Knee Pain and Orthotic Support


Download PDF Now

The knee forms a crucial link in the lower extremity chain, transferring ground-reaction forces to the hips and trunk. Research has shown that normal walking with hard leather shoe heels produces a .5 G impact at the skull.1 Forces that can be measured as far up as the skull obviously transmit significant forces through all points in between. If the knees are not properly aligned, these forces can cause repetitive microtrauma in the knees as well as farther up the Kinetic Chain.

Barring trauma, most cases of knee pain stem from structural imbalances in the body, beginning with the feet. If excessive pronation is present, an increased rotational force is transmitted to the knee joint, causing a medial torquestrain. The ligaments, tendons and cartilage must resist this strain. Over time, this moderate stress develops into a microtrauma condition which causes gradual degenerative changes in the joint. We are all aware that structure dictates function.

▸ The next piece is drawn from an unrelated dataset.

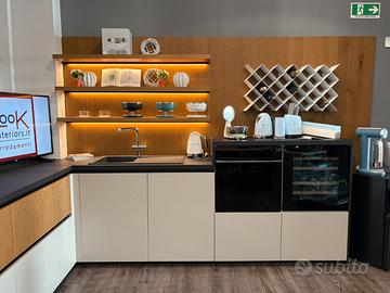 NUOVA DI EXPO Prezzo originale: €6.244,00 scontata a €1.873,00 Mobili cucina con gola, in finitura Tanno, con due cestoni frontali in finitura ghianda plissé. Composizione formata da: – Basi H85: base L60 con anta base L90 per piano cottura con cestoni base L90 con cestoni e un cassetto interno base L60 per lavello e con anta – Anta L60 per lavastoviglie – N.2 colonne con vano per forno/cantinetta L60 H106 e cestone push – Zoccolo per composizione H6 Disponibile a parte pacchetto elettrodomestici Hisense per cucina a partire da € 1.999 Offerta imperdibile per rinnovo di showroom. Possibilità di implementazione dei moduli esistenti con altre basi, pensili o colonne. Esclusi dalla composizione: elettrodomestici, lavello, piano top, miscelatore, frigorifero, mensole e pannelli in legno, oggettistica varia.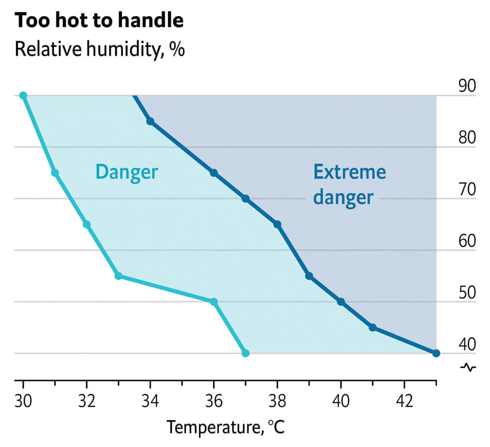 dangerous to humans, as is a temperature of 40°C with 50% humidity. Vast

When a patient has biomechanical problems in their feet from excessive pronation or supination, the forces from heel strike shock are not absorbed properly, but are transmitted directly into the knee joint. Over time, this stress can cause the knee to develop degenerative arthritic symptoms.

You need to address pedal imbalances to reduce rotation and shock stresses on the knees. This will control patients’ present symptoms and lessen future joint degeneration.

Clinical Management with the A-S-R Program

The A-S-R (Adjustments, Support and Rehabilitation) Program is a 3-step approach that allows you to provide comprehensive patient care by adjusting misalignments, supporting permanent structural faults and using rehabilitation to address soft tissue concerns.

Step 1: Adjust

Adjusting the knee removes restricted motion, especially internal rotation fixation and also helps put the knee in proper alignment.

Step 2: Support

Custom-made functional orthotics support the bones and soft tissues of the feet in their proper position of function. By correcting pedal imbalances, orthotics help prevent overuse injuries and knee-joint degeneration. A 1999 journal of Manipulative and Physiological Therapeutics research study proved that orthotics improve the structural alignment of the foot, creating a more symmetrical foundation throughout the Kinetic Chain.2 The shock­absorbing properties of orthotics provide almost immediate symptom relief for patients with chronic, degenerative knee problems.3

Step 3: Rehabilitate

Strengthening muscles that cross the knee joint with rehabilitative exercises helps stabilize the area and lower the incidence of serious knee injury.4 Foot Levelers’ Thera­Ciser® exercise system enables your patients that perform a range of move­ments to build strength in muscles interacting with the knee. The exercises include strengthening and coordinating contraction of muscles involved in flexion, extension and rotation.


Misalignments in the knees can cause pain and even put your patients at risk for degenerative joint changes. When the lower extremities are properly aligned, pedal imbalances are supported by orthotics and the supporting muscles are strengthened through rehab, your patients’ knee joints should remain functional for many years.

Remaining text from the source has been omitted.